Игроки закончили гамбит и перешли к миттельшпилю. Обе стороны провели рокировку, обе ввели в игру свои «ладьи». Оберет передвинул «ферзя» на поле передо мной. Я смотрел на лопатки «королевы», резко выпирающие сквозь ткань ее одеяния, на завитки волос, рассыпанных по спине. Кулаки мои невольно то сжимались, то разжимались. С самого начала игры я не пошевелился. От страшной головной боли у меня в глазах плясали огненные точки; я мог потерять сознание, и мысль об этом внушала мне ужас. Что тогда случится? Позволит ли мне оберет упасть на пол или он будет удерживать мое бесчувственное тело на клетках, как ему надо? Судорожно вздохнув, я попробовал сосредоточиться на отсветах факелов на гобелене, висевшем на дальней стене.

На четырнадцатом ходу Старик послал «слона» на ту клетку в центре доски, где стоял наш «конь», которого изображал крестьянин. На этот раз выстрела не было. Рослый, тяжелый сержант-эсэсовец ступил на доску и вручил свой парадный кортик черному «слону». В зале все смолкли. Свет факелов плясал на отточенной стали. Приземистый крестьянин извивался, метался, мышцы его рук дергались, – я видел, что он тщетно пытается вырваться из-под власти оберста, но ничего не может сделать. Одним ударом лезвия он перерезал себе горло. Сержант-эсэсовец поднял свой кортик и жестом велел двоим солдатам убрать труп. Игра возобновилась.

Одна из наших «ладей» побила вырвавшегося вперед «слона». В ход снова пошел кортик. Стоя за молодой «королевой», я крепко закрыл глаза. Открыл я их через несколько ходов, после того как оберет передвинул мою «королеву» на одну клетку вперед. Когда она покинула меня, мне захотелось заорать. Старик немедленно перевел свою «королеву», молодую девушку-голландку, на пятую клетку ладейной вертикали, «ферзь» противника теперь находился от меня всего через одну пустую клетку по диагонали.

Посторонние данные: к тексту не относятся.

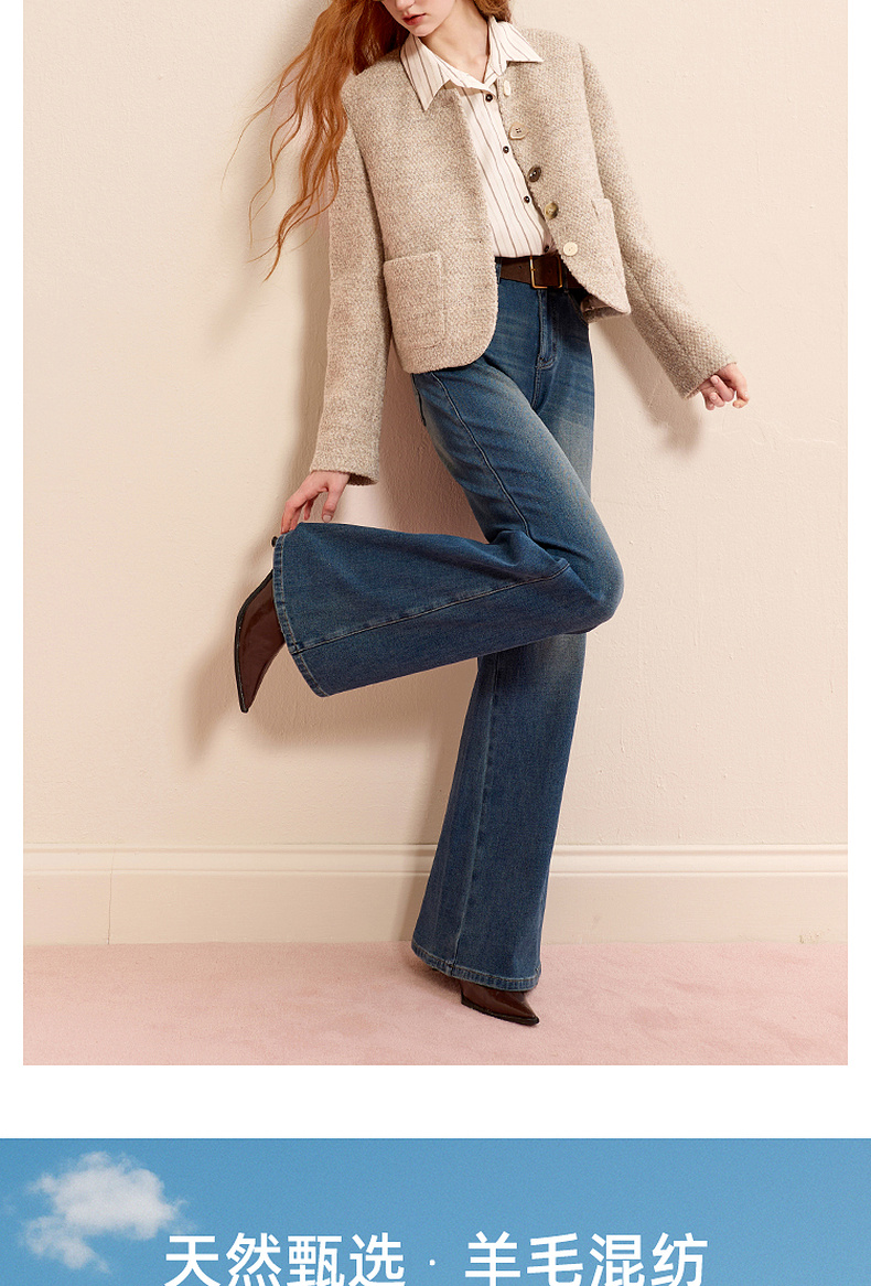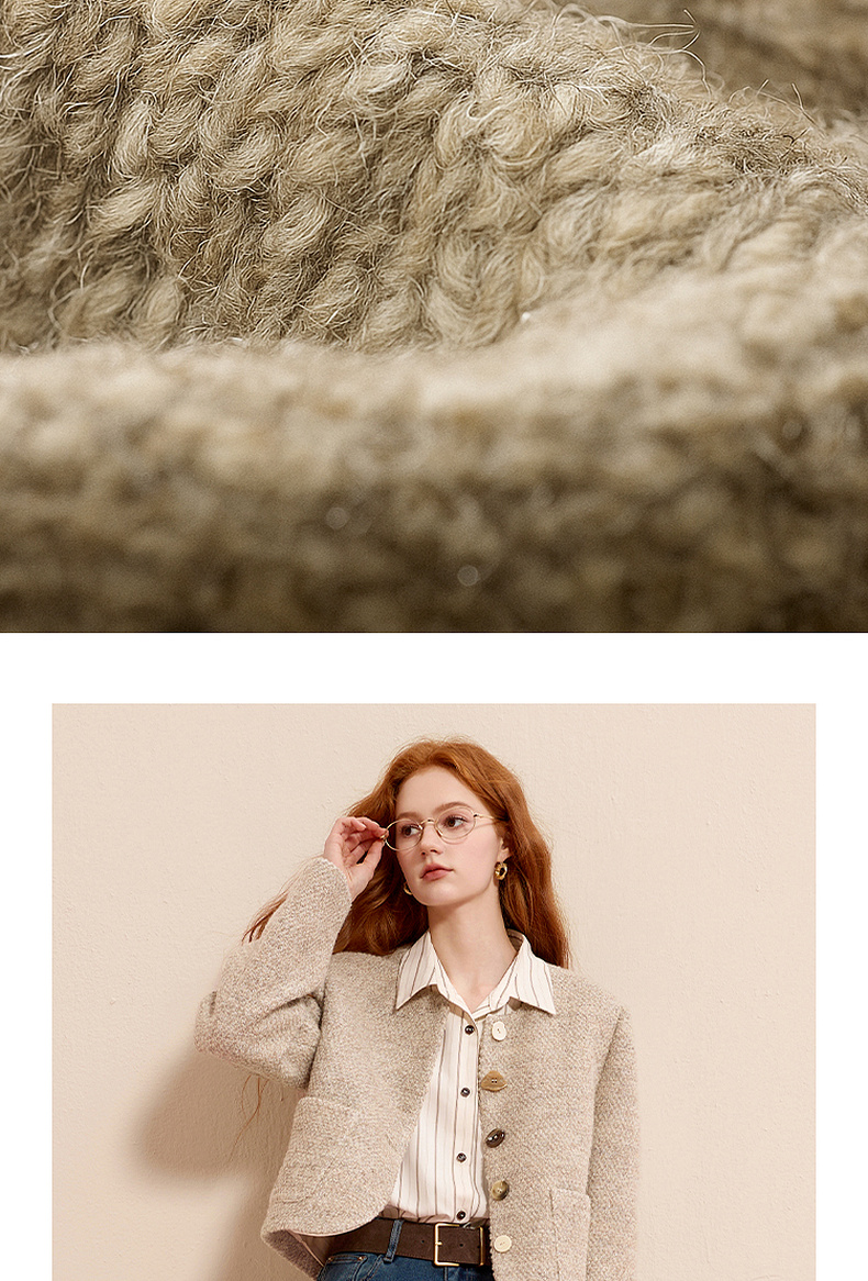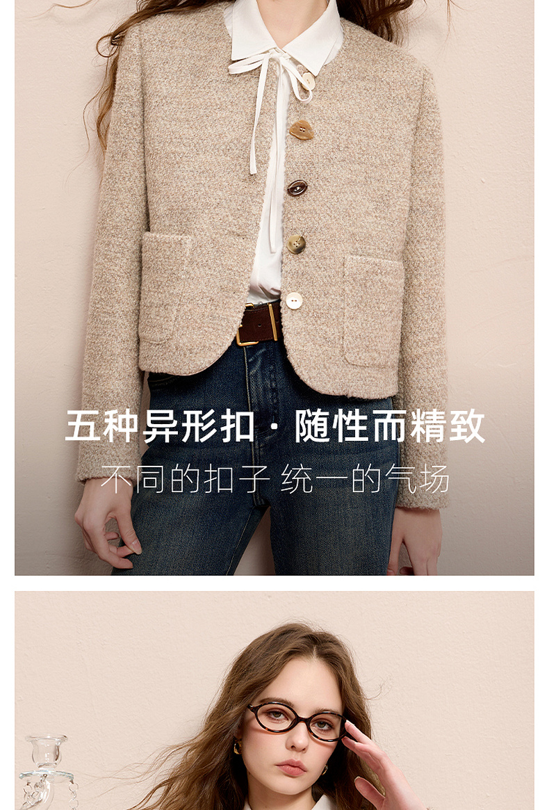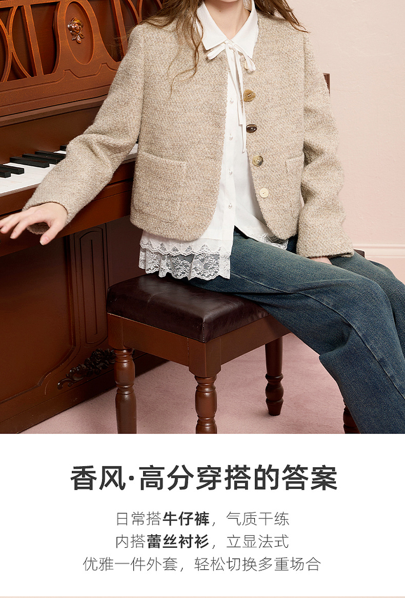 【绵羊毛】三彩2025冬季新款香风毛呢外套圈圈呢圆领短款大衣M

Между нами никого не было. Я почувствовал, как у меня внутри все похолодело от страха.

Оберет перешел в наступление. Первым делом он послал вперед пешку коня с левой стороны. Чтобы заблокировать ее, Старик выдвинул ладейную пешку – мужчину с красным лицом, которого я помнил по лесной бригаде. Оберет ответил на этот ход своей ладейной пешкой. Я с трудом разбирался, что происходит. Остальные пленники в основном были выше меня, я видел спины, плечи, лысые головы и потных, дрожащих от ужаса людей, а не шахматные фигуры. Я попытался представить себе шахматную доску и понял, что сзади остались лишь король да ладья. На одной горизонтали со мной стояла только пешка перед королем. Впереди и слегка влево от меня сгрудились королева, пешка, ладья и слон. Еще дальше влево в одиночестве стоял наш уцелевший конь. Слева от него блокировали друг друга две ладейные пешки. Черный ферзь по-прежнему угрожал мне справа.

Наш «король» – высокий, худой еврей лет шестидесяти – передвинулся по диагонали на шаг вправо. Старик сосредоточил свои ладьи на королевской вертикали. Внезапно мой ферзь отошел назад на вторую клетку ладейной вертикали, и я остался один. Прямо передо мной, через четыре пустые клетки, стоял литовский еврей и смотрел на меня широко раскрытыми глазами, полными животной паники.

Внезапно я шагнул вперед, волоча ноги по мраморному полу. В мой череп вошло нечто ужасное, чему невозможно было сопротивляться, и оно толкало меня вперед, сдерживало меня, стискивало мои челюсти и подавляло крик, рвавшийся откуда-то изнутри, из самой глубины моего существа. Я остановился там, где раньше стоял наш ферзь; по обе стороны от меня расположились белые пешки. Старик вывел вперед своего черного коня, и теперь он стоял напротив меня, через одну клетку. Толпа кричала еще громче, орава скандировала: «Meister! Meister!»